Comparing ACF and PACF
- The ACF measures the correlation between the time series and its lagged values, capturing both direct and indirect effects (i.e., effects from intermediate lags).
- The PACF removes the influence of the intermediate lags, isolating the direct effect of each lag on the time series.
In practice:
- The ACF of an AR(p) process decays gradually, but the PACF cuts off after lag $p$.
- The ACF of an MA(q) process cuts off after lag $q$, while the PACF decays gradually.
Example: ACF and PACF for AR(1) Process
Consider the autoregressive process of order 1, denoted AR(1):
$$ X_t = \phi X_{t-1} + \epsilon_t $$
Where $\epsilon_t$ is white noise.
ACF for AR(1)
The autocorrelation function for an AR(1) process is:
$$ \rho_k = \phi^k $$
This implies that the autocorrelation decays exponentially with increasing lag $k$, showing a gradual decay in the ACF plot.
PACF for AR(1)
The partial autocorrelation function for an AR(1) process shows a significant spike at lag 1, followed by zeros at higher lags. This is because, for an AR(1) process, only the first lag has a direct effect, while higher lags are indirectly related to the series.
Visualization of ACF and PACF
The following is using mock data for time series with short-term dependencies, specifically one that could be modeled as an AR(1) process. Common data types that show this behavior include financial data (such as stock prices or returns), economic indicators, or meteorological data (like temperature series).

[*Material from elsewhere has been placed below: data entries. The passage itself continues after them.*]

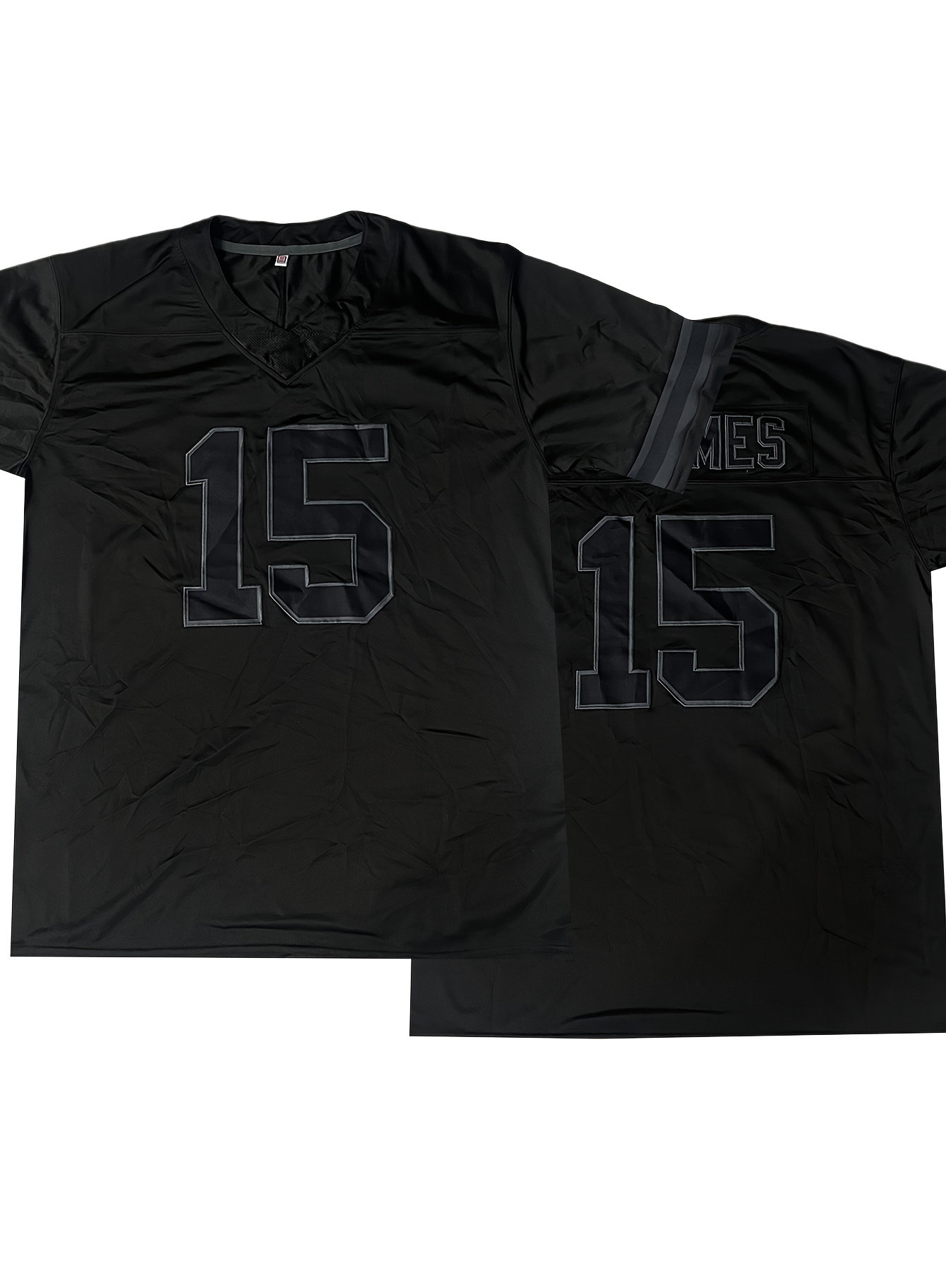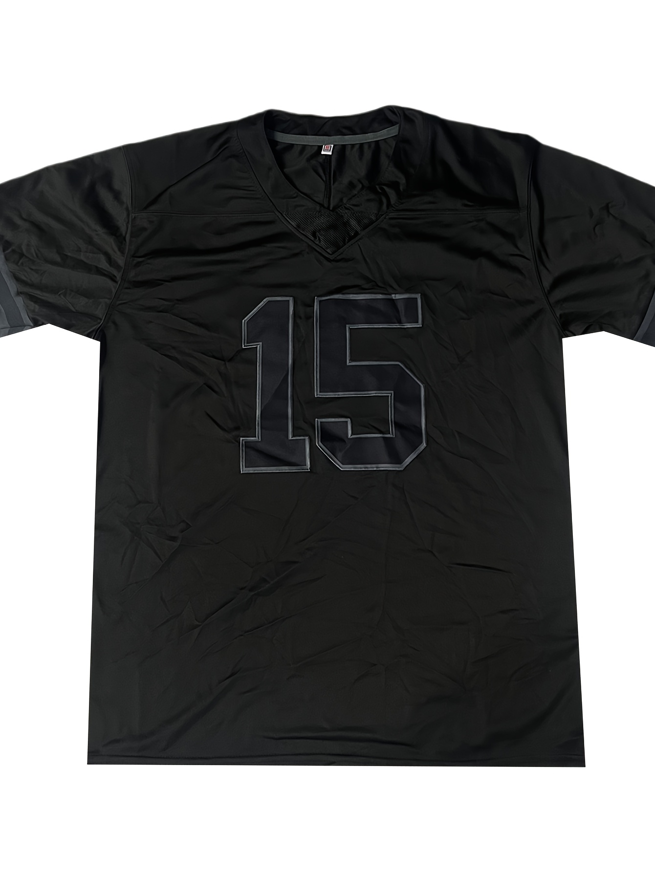 Men'S Black # 15 Breathable Rugby Shirt, Sports V-neck Short Sleeve Training Match Uniform, Embroidered American Football Shirt
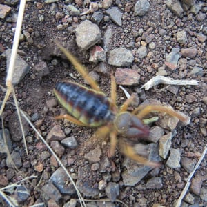 Solpuga, also known as the sun spider or wind scorpion, is a fascinating insect belonging to the order Solifugae. It is characterized by its large size, with some species reaching up to 6 inches in length. Solpugas have a unique appearance, with a pair of large chelicerae resembling pincers and long, spindly legs. They are primarily nocturnal predators, feeding on small insects and other arthropods.
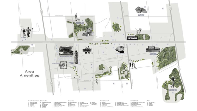 周边休闲娱乐中心一应俱全 Playdium Park 密西沙加Cineplex电影院 Living Arts Centre Sky Zone蹦床公园 Canlan Sportsplex 体育中心 从日常休闲到亲子活动场所 让您与家人共享欢乐时光 Artform Condos周围还有着不少口碑相当不错的学校,公立私立,小学中学大学,都任君选择! 公寓设计:
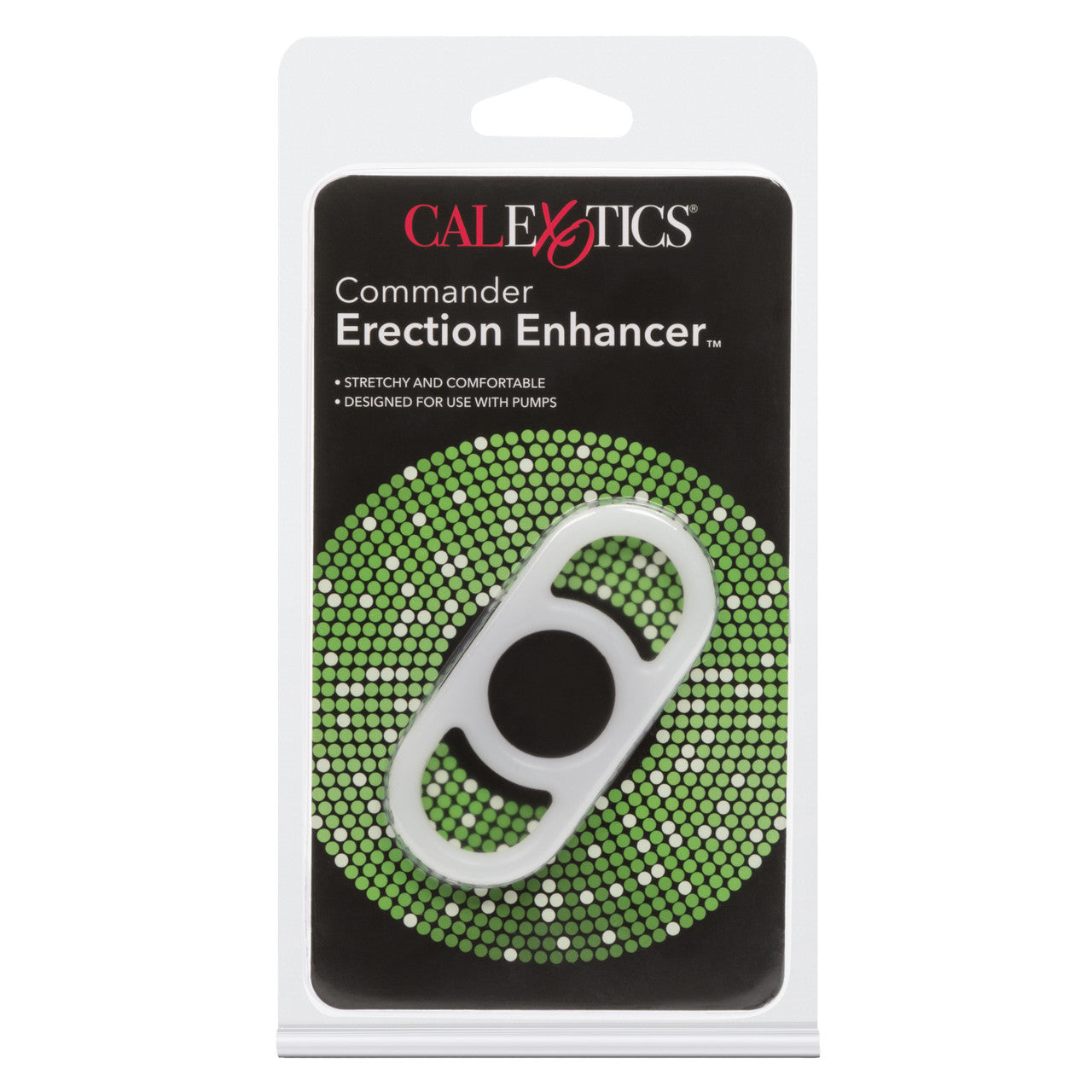 Penis Pump Commander Erection Enhancer from California Exotic Novelties. Super size your intimate pleasure, and erotic performance, with the Penis Pump Commander Erection Enhancer. The stretchy Erection Enhancer is designed for solo use or use with an Erection Pump, for prolonged intimacy and a heightened climax experience. Pump it up, and then maintain your erection with the dual handled Ring. The easy to use Erection Enhancer is made from unscented, superior, Silicone and has a unique double handled design for secure positioning. To use the enhancer ring, stretch the Ring over the Erection Penis Pump opening so that it rests on the flexible donut seal. Once you have achieved the desired Pumped effect, slide the Erection Enhancer off the Pump, and directly onto the erect Penis. Glide down to the base and allow the Ring to maintain stamina support for your elevated performance. Ideal for first time and experienced Pump users, the erection enhancer maintains a rock hard erection for prolonged periods of tantalizing orgasmic play. Take full control of your sensual experience and use the stretchy Ring to explore secret fantasies and exotic pleasure. To maximize the sensitivity and sensations, always use a quality water based personal lubricant with this sex toy. Clean the Enhancer before and after every use. Wash the Ring in soapy water, or clean with a toy cleaner spray. Stretchy 2 handled Erection Ring, designed specifically for use with any Penis Pump. Fits securely on the base of the Pump and easily slips over the penis when erect. Safe and pure for body and pleasure. Made using phthalate free, non-toxic materials Silicone. Stretches to 2.5 inches. Erection Enhancer measures 3.1 inches long by 1.5 inches wide. Bulk weight: 0.3 ounce. Pursuant to 18 U.S.C. 2257, Penis Pump Commander Erection Enhancer was produced on April 11, 2000, and the records required to be kept by that law are available at 14235 Ramona Avenue, Chino, California 91710. Custodian of Records: Susan Colvin. Penis Pump Commander Erection Enhancer is a registered trademark for California Exotic Novelties. Sex toys and sexual wellness. Categories: Sex Toys for Men, Cock Rings, Penis Pump Accessories, Male Pump Accessories, Men's Cock and Ball Gear. 2023.
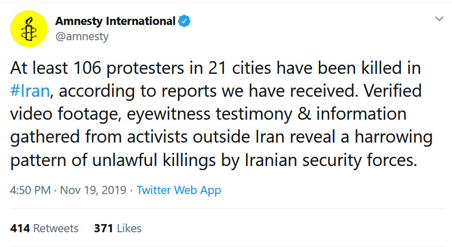 Amnesty International @amnesty – 15:50 UTC · Nov 19, 2019 At least 106 protesters in 21 cities have been killed in #Iran, according to reports we have received. Verified video footage, eyewitness testimony & information gathered from activists outside Iran reveal a harrowing pattern of unlawful killings by Iranian security forces.
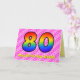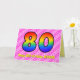 Cette carte de voeux de 80ème anniversaire, optimiste et festive, a une façade avec un grand numéro "80" avec un motif coloré inspiré de l'aspect d'un arc-en-ciel, sur un coeur rose foncé et rose clair joyeux forme des arrière - plans motifs rayés. Le recto comporte également le message "Joyeux 80e anniversaire", suivi d'un nom de destinataire modifiable. L'intérieur comporte un message de voeux d'anniversaire personnalisé, ou peut-être pourrait-il être effacé et laissé vide si un message doit être écrit à la main à la place. Une carte d'anniversaire personnalisée comme celle-ci pourrait être une façon amusante et heureuse d'envoyer des voeux d'anniversaire à quelqu'un qui célèbre son quatre-vingtième anniversaire. [~Z0000418]
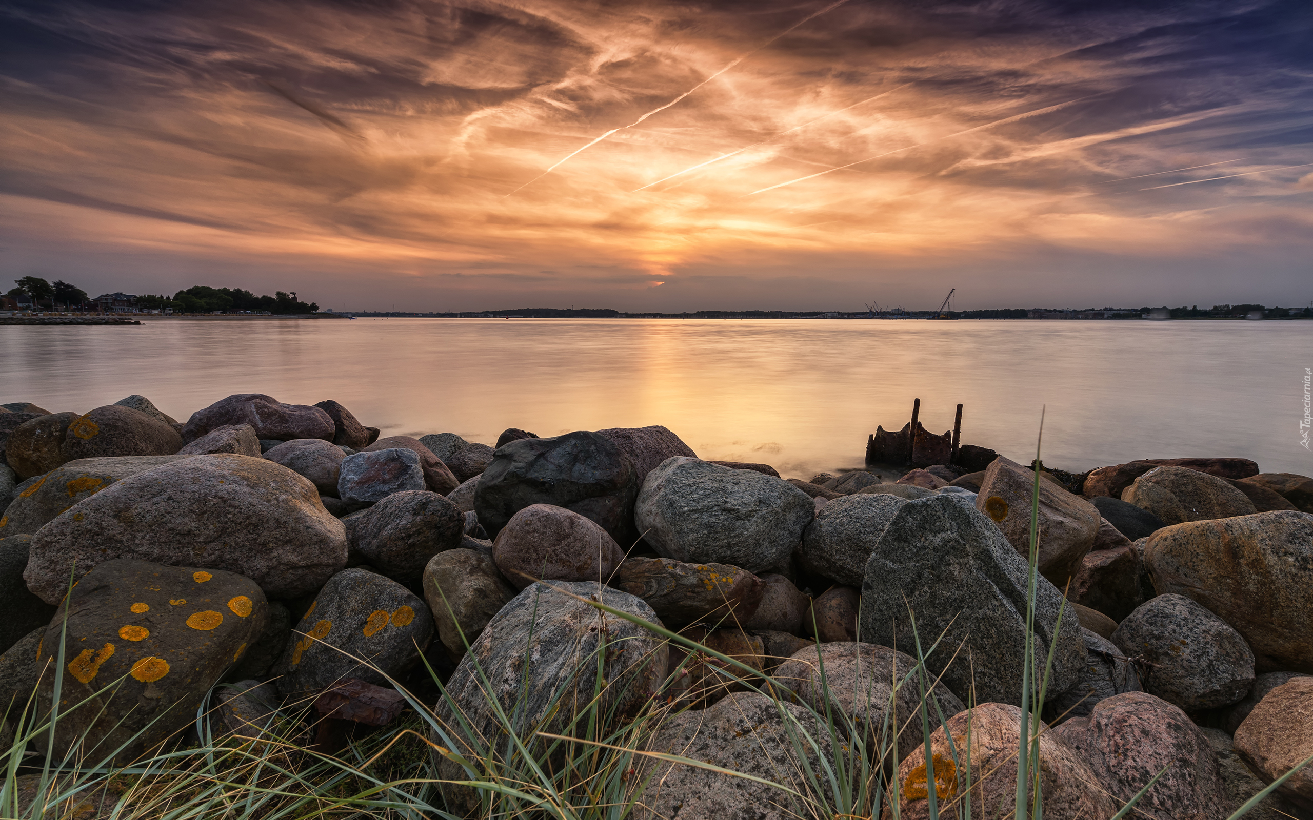 Edytor tapety: Jezioro, Zachód słońca, Kamienie, Niebo
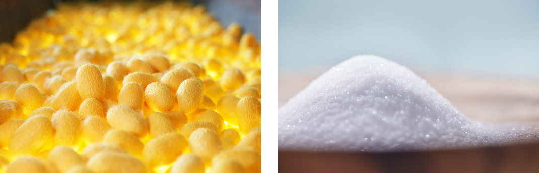 金繭シュガーモイッシュの原料となる金繭(Golden Silk No.11)はタイのシリキット王妃養蚕局が認可した契約農家だけでつくられ、無農薬の桑で育てた蚕が生み出す金繭を、化学薬品等を一切使わず特殊製法で化粧品原料として丁寧にパウダー化し、本品に配合しています。 金繭とともに配合されている甜菜糖は、古来より床ずれの治療に使われていたり、素肌を和らげ、傷を治癒するとされ、高い効果が実証されています。本製品で使用しているのは世界で唯一遺伝子組み換えをしていない北海道産の甜菜糖。この甜菜糖に5種の植物由来オイルコーティングをし、特別な金繭を配合。汚れを落としながら粘膜を保護し、うるおいをキープすることに成功しました。界面活性剤はもちろん、鉱物油、アルコール、合成香料、合成着色料、防腐剤など肌へのストレスになる成分を一切排除した、画期的なフェムゾーンケアなのです。
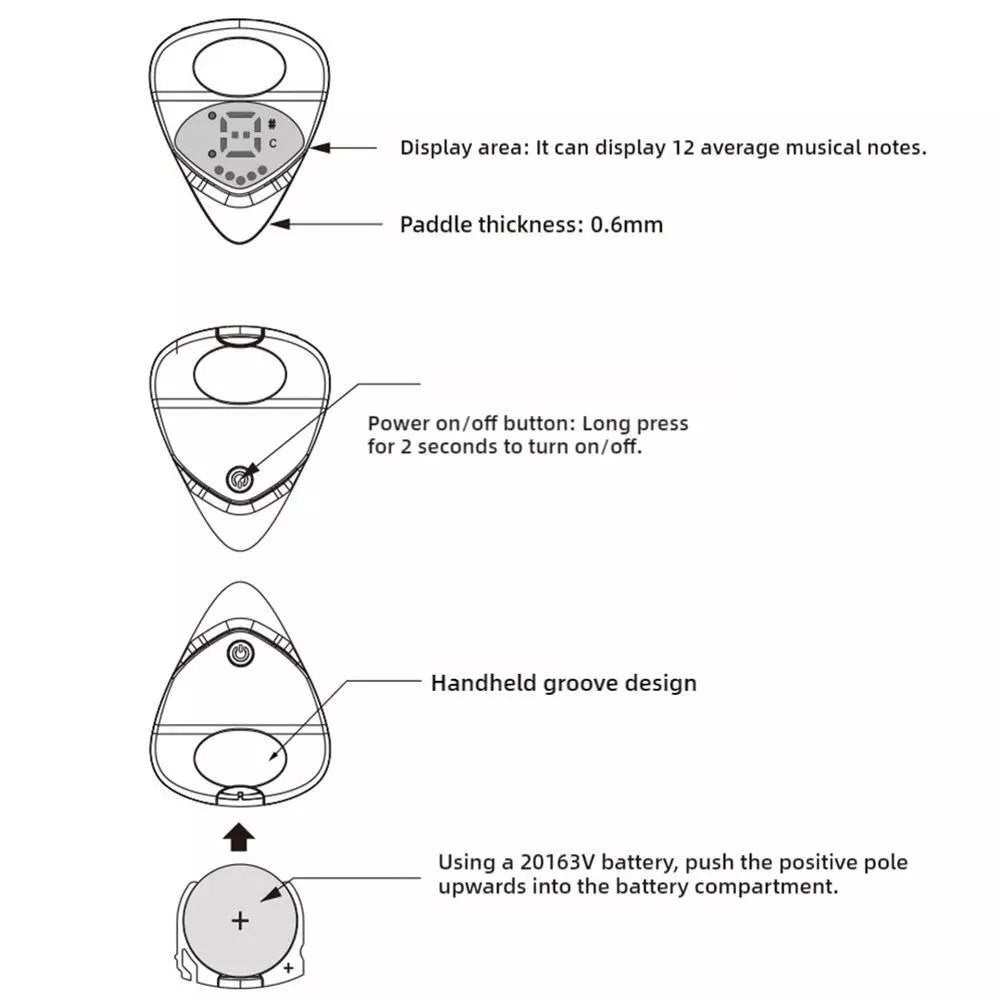 Convenient battery replacement design - Equipped with a CR2016 battery, this tuner is designed with a convenient battery replacement port. No additional tools or complicated steps are required. Users can quickly replace the battery by simply opening the battery compartment. Long-lasting battery life ensures that the tuner can accompany you for longer guitar playing.
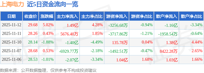 证券之星消息,截至2025年11月12日收盘,上海电力(600021)报收于29.68元,上涨5.02%,换手率4.29%,成交量120.96万手,成交额34.68亿元。
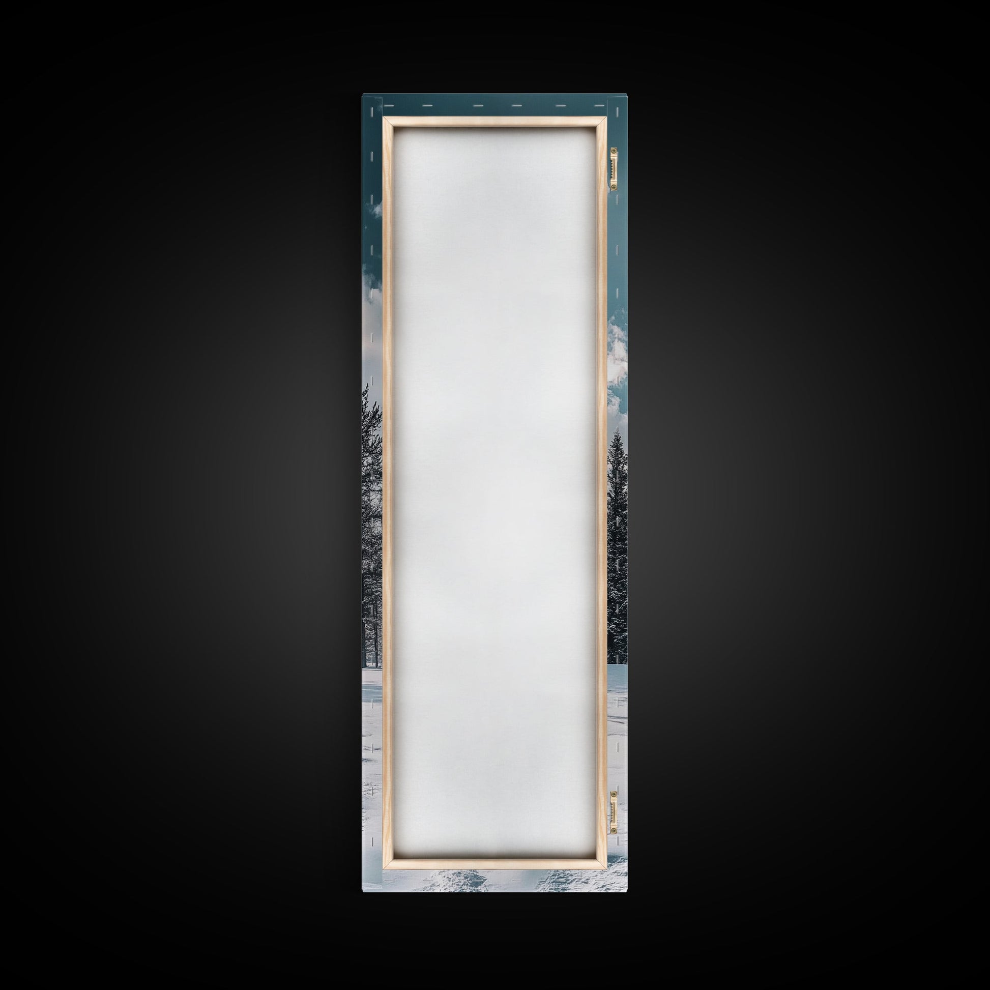 Winter Path, pine tree art, mountain painting, snowy landscape, rustic decor, minimalist art, Framed Canvas Print, vertical wall art
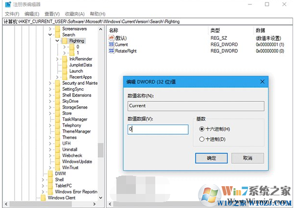 HKEY_CURRENT_USER\Software\Microsoft\Windows\CurrentVersion\Search\Flighting
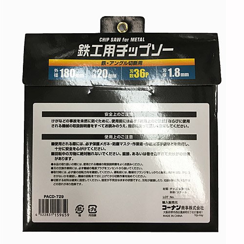 コーナンオリジナル PROACT 鉄工用チップソー 180mm 36P PACD-729
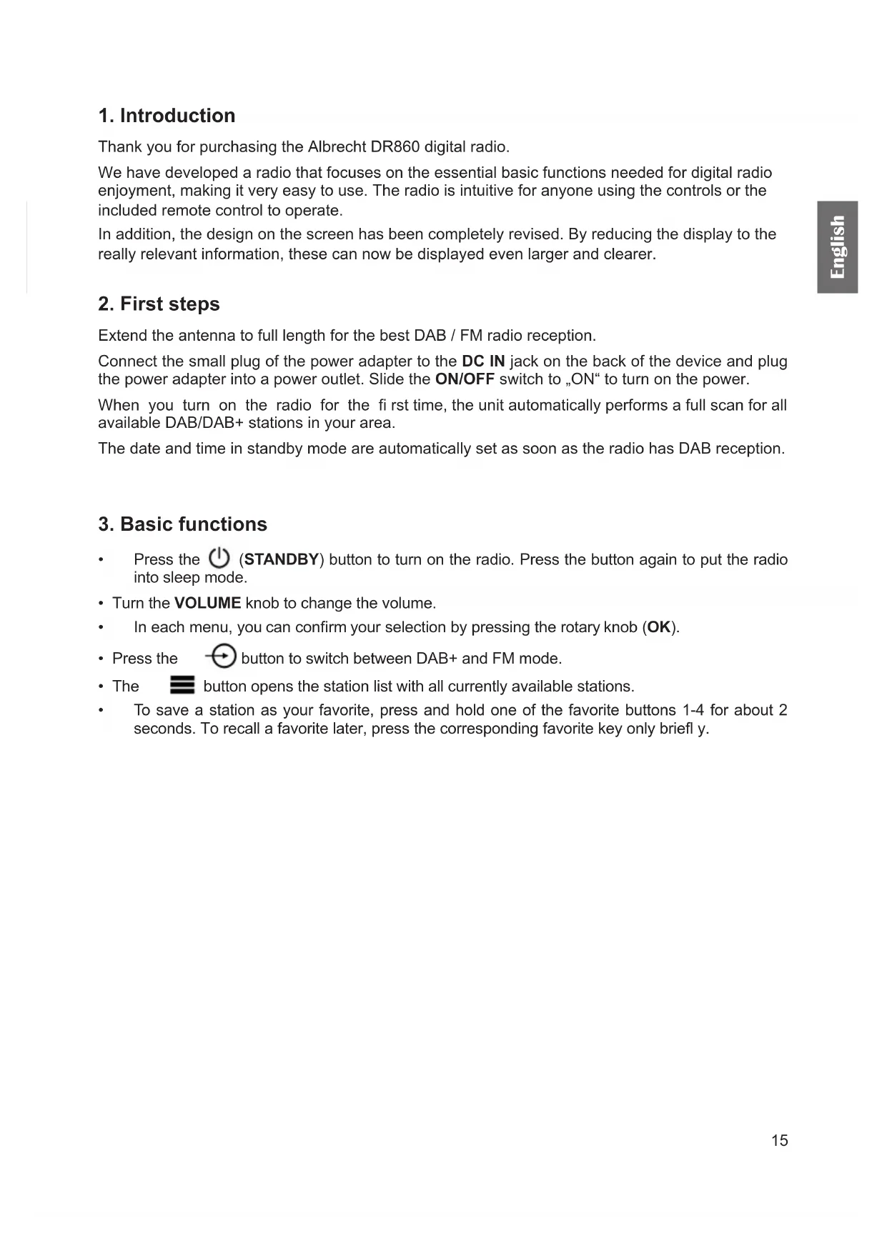 Thank you for purchasing the Albrecht DR860 digital radio. We have developed a radio that focuses on the essential basic functions needed for digital radio enjoyment, making it very easy to use. The radio is intuitive for anyone using the controls or the included remote control to operate. In addition, the design on the screen has been completely revised. By reducing the display to the really relevant information, these can now be displayed even larger and clearer.
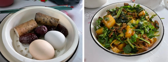 午饭和晚饭,一天至少做一顿,勤快的时候两顿都自己做。“我现在有一个做法,把米饭、肉、蔬菜,就是土豆、胡萝卜那些,都放在电饭锅里一起煮。”
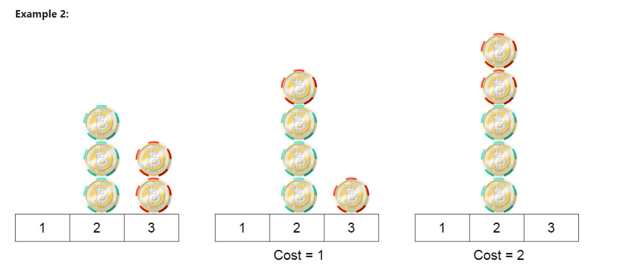Explanation: We can move the two chips at position 3 to position 2. Each move has cost = 1. The total cost = 2.
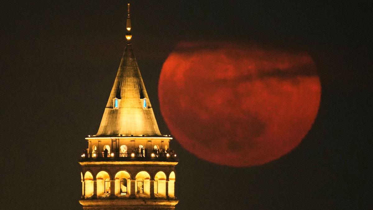 Der Erdbeermond geht hinter dem Galata-Turm in Istanbul auf. - Foto: Emrah Gurel/AP/dpa

Left Plot: Autocorrelation Function (ACF)
- The ACF plot starts at 1 for lag 0, which is expected because the series is perfectly correlated with itself at lag 0.
- The ACF decays gradually but remains positive for a number of lags (up to lag ~20), which is typical of an autoregressive (AR) process, specifically an AR(1) or AR(2) model. In an AR process, past values have a direct influence on future values, leading to a slow decay in autocorrelation.
- The shaded area represents the confidence intervals. If any spikes go outside these bounds, it indicates significant autocorrelation at those lags. In this case, we see that most lags within the confidence bounds are not statistically significant, but the gradual decay suggests a trend.
Right Plot: Partial Autocorrelation Function (PACF)
- The PACF plot shows a sharp cutoff after lag 1. This is characteristic of an AR(1) process, where only the first lag has a significant direct effect on the current value, and the influence of higher-order lags is negligible once the first lag's effect is accounted for.
- The significant spike at lag 1 suggests that this time series can be modeled as an autoregressive process of order 1 (AR(1)).